■ **Requirement**: Only one span of the listing below should come back. It runs from the line with "Flowing effortlessly from" through the line with "A delightful cartoon", and each of its lines must be reproduced exactly.

*** Entries shown ***

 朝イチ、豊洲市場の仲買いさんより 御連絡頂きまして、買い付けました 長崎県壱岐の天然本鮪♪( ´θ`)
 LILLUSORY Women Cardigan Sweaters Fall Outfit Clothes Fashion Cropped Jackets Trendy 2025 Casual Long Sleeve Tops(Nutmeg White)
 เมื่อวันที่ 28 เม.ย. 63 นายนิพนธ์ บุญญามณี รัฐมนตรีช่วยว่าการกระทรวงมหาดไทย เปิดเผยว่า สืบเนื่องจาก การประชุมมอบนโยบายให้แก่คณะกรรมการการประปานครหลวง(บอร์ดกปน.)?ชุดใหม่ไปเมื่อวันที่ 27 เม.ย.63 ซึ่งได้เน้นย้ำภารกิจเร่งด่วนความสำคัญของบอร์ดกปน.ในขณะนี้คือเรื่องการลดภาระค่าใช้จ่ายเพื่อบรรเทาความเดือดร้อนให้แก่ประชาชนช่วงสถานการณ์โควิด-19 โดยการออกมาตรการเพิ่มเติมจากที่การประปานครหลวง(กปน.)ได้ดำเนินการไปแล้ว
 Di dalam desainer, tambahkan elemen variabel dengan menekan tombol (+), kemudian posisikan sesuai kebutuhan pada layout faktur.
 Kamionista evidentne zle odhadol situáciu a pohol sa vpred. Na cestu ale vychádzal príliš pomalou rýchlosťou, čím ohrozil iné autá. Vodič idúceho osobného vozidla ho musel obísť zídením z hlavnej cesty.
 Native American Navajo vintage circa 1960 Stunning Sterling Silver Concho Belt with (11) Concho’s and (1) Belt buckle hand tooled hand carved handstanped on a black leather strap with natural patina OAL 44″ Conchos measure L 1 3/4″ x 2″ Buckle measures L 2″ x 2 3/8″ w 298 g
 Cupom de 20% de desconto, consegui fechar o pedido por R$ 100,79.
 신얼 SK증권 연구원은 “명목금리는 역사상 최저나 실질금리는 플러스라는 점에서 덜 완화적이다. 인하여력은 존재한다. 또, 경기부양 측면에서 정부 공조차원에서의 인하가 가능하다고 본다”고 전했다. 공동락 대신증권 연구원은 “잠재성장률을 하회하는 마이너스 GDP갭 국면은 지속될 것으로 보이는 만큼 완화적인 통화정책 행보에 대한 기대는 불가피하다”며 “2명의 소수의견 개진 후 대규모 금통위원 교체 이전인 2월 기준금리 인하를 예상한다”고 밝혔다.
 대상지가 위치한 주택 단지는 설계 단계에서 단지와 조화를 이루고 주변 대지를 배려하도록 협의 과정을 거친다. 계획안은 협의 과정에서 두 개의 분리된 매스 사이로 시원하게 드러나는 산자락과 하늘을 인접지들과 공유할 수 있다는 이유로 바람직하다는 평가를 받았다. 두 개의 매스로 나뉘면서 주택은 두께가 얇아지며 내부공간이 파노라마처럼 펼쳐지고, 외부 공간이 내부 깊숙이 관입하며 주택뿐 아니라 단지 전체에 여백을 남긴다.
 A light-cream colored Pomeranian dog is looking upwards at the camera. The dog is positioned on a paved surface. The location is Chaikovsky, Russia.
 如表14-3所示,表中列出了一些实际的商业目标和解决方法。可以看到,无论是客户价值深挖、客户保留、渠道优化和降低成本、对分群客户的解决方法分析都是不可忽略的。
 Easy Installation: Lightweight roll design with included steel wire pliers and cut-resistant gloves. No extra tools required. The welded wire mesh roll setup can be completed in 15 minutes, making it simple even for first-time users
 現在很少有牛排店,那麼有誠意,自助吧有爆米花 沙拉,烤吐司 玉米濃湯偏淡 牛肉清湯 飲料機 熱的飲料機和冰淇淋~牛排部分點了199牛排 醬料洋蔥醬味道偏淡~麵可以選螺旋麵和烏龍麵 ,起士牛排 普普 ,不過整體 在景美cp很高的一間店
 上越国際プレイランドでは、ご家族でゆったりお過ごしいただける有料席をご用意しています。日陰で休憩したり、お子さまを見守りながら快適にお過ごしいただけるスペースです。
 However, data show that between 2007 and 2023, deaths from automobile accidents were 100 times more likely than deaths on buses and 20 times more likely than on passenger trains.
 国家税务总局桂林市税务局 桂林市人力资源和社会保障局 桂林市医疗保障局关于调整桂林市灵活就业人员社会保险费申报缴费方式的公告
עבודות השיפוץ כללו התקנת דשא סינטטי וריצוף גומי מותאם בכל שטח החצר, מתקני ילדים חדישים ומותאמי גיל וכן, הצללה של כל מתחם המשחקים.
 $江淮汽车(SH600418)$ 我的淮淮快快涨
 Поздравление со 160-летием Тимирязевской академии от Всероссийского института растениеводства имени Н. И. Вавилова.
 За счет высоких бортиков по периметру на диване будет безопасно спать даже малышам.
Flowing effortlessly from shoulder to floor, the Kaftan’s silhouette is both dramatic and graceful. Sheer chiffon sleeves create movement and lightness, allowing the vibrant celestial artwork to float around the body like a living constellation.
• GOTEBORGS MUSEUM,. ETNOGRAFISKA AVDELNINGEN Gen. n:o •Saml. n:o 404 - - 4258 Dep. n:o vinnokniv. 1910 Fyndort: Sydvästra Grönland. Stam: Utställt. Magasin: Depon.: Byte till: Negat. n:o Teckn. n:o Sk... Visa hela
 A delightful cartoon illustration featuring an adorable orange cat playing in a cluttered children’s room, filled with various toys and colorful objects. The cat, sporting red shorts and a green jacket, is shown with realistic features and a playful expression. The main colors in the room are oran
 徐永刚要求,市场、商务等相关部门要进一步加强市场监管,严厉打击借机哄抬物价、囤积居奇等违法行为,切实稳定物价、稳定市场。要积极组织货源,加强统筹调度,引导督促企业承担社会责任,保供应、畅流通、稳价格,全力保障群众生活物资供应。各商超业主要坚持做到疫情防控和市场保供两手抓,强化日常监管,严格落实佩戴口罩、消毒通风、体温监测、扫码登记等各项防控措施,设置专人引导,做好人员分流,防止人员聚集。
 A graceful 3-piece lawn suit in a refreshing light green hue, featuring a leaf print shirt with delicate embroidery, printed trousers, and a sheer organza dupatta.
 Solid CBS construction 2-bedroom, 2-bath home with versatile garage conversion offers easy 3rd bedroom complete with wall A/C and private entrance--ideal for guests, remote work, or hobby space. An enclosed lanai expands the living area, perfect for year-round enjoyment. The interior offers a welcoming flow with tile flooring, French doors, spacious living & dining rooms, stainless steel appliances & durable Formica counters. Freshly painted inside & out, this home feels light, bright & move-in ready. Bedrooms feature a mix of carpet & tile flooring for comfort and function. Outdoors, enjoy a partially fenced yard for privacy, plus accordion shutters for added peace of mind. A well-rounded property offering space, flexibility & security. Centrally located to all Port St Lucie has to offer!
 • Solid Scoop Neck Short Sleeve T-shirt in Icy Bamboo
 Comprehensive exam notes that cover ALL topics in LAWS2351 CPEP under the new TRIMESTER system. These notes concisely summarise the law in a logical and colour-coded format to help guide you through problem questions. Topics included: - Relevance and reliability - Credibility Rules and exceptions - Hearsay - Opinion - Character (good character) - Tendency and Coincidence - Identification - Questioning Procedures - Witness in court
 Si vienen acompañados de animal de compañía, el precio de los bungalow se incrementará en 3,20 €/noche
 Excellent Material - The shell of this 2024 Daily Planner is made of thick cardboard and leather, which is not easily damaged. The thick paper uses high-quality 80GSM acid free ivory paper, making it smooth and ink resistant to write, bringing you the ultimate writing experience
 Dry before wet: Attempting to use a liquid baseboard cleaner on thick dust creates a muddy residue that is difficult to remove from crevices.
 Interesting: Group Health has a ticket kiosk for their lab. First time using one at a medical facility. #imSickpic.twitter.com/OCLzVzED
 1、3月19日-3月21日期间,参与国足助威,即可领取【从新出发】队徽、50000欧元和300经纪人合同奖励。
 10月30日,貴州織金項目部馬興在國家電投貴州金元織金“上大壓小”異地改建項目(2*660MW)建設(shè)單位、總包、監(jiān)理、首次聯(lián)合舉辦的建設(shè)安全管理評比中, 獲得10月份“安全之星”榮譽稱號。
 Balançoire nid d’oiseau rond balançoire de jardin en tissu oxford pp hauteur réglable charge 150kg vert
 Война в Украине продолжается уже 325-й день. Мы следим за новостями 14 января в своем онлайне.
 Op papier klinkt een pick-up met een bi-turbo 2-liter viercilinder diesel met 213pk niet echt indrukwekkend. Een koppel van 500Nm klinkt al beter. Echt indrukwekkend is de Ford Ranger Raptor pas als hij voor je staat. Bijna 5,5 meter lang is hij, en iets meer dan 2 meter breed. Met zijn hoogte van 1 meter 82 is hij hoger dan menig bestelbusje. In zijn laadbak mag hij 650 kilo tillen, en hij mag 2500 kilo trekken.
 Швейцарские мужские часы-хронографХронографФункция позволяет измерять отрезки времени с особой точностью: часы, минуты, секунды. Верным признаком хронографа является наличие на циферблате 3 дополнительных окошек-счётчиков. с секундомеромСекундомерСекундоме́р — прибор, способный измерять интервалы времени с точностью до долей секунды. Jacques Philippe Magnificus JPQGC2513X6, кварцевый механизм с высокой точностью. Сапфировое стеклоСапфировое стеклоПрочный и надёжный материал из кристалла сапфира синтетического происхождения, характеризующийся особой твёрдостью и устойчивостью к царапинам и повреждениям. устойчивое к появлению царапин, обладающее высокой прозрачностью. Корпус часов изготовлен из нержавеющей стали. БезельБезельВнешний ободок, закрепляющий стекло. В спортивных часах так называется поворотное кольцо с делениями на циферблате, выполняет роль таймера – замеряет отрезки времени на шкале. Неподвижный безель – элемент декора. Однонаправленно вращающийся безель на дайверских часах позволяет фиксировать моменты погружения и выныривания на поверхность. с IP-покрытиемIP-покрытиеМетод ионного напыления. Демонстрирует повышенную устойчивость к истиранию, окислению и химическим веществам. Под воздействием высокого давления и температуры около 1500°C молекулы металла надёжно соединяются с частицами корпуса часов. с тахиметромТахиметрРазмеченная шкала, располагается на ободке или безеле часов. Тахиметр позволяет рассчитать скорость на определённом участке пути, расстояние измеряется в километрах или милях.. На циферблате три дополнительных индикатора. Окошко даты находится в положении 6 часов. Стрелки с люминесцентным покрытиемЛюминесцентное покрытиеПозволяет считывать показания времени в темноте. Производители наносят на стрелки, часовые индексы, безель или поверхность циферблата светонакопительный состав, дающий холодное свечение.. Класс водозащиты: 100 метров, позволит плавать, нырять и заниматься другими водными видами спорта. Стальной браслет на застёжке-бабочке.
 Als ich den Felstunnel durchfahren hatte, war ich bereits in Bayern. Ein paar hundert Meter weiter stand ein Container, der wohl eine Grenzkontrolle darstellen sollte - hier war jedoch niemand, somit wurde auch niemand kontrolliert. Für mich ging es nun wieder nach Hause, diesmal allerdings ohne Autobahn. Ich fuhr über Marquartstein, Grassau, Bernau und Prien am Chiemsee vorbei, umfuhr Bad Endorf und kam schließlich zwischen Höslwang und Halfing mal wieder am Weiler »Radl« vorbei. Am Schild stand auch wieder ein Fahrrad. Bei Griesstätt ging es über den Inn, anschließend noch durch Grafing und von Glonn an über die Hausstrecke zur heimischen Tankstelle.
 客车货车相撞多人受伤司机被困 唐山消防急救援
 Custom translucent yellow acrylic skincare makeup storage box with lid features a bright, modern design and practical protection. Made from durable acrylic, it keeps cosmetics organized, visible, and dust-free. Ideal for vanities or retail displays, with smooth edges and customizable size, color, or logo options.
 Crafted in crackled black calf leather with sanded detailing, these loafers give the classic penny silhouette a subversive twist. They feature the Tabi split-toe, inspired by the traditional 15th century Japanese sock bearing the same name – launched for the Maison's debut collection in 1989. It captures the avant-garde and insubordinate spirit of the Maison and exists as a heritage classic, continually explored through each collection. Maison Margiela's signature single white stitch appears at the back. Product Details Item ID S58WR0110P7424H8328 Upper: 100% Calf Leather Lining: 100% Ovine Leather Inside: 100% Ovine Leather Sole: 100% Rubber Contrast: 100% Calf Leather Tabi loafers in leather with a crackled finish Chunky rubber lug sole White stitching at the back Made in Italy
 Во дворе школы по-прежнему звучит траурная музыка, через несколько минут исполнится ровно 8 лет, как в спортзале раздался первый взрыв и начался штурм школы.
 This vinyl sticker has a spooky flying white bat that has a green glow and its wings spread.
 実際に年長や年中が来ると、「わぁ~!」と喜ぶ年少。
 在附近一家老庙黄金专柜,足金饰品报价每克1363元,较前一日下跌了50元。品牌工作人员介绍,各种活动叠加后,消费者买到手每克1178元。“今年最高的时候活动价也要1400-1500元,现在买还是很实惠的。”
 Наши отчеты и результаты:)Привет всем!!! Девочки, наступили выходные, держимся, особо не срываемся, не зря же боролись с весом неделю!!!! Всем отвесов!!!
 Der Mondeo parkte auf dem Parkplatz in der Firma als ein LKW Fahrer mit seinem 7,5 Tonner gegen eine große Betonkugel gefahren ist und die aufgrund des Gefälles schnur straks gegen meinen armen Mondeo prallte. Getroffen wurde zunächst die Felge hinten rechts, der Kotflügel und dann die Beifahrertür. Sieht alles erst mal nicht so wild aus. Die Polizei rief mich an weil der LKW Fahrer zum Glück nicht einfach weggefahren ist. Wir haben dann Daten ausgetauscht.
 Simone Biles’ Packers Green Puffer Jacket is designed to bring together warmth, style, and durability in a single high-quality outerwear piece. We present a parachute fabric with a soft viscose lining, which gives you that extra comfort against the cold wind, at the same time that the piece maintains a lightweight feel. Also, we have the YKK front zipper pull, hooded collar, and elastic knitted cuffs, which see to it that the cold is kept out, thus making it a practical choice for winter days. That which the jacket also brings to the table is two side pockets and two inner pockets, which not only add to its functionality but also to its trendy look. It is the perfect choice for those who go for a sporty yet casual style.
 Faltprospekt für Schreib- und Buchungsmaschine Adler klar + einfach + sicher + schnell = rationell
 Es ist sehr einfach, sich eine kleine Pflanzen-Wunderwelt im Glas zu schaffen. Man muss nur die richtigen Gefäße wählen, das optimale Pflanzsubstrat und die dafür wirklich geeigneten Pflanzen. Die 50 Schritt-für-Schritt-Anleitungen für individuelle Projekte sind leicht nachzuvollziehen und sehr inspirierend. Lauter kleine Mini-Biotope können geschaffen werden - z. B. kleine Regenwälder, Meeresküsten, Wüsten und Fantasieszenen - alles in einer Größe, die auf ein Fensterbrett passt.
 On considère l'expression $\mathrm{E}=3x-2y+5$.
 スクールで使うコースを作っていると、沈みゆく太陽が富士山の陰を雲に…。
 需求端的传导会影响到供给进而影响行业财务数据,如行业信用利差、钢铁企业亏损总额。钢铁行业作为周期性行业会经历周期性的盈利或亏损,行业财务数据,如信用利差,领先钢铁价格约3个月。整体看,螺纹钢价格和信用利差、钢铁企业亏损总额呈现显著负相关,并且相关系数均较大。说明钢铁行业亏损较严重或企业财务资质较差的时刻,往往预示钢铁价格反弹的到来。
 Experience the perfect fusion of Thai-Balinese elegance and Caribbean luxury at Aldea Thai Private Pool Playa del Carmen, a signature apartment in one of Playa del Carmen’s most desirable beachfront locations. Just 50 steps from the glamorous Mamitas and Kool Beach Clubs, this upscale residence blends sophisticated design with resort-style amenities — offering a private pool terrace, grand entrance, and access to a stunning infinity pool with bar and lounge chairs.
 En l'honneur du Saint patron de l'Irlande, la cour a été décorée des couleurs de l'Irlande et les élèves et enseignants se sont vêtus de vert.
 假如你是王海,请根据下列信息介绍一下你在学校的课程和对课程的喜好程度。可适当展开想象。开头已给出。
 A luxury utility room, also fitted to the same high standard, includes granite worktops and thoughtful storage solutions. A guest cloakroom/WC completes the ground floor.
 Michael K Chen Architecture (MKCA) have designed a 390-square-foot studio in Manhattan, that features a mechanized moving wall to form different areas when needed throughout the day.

***

■ **Written solution**:
Flowing effortlessly from shoulder to floor, the Kaftan’s silhouette is both dramatic and graceful. Sheer chiffon sleeves create movement and lightness, allowing the vibrant celestial artwork to float around the body like a living constellation.
• GOTEBORGS MUSEUM,. ETNOGRAFISKA AVDELNINGEN Gen. n:o •Saml. n:o 404 - - 4258 Dep. n:o vinnokniv. 1910 Fyndort: Sydvästra Grönland. Stam: Utställt. Magasin: Depon.: Byte till: Negat. n:o Teckn. n:o Sk... Visa hela
 A delightful cartoon illustration featuring an adorable orange cat playing in a cluttered children’s room, filled with various toys and colorful objects. The cat, sporting red shorts and a green jacket, is shown with realistic features and a playful expression. The main colors in the room are oran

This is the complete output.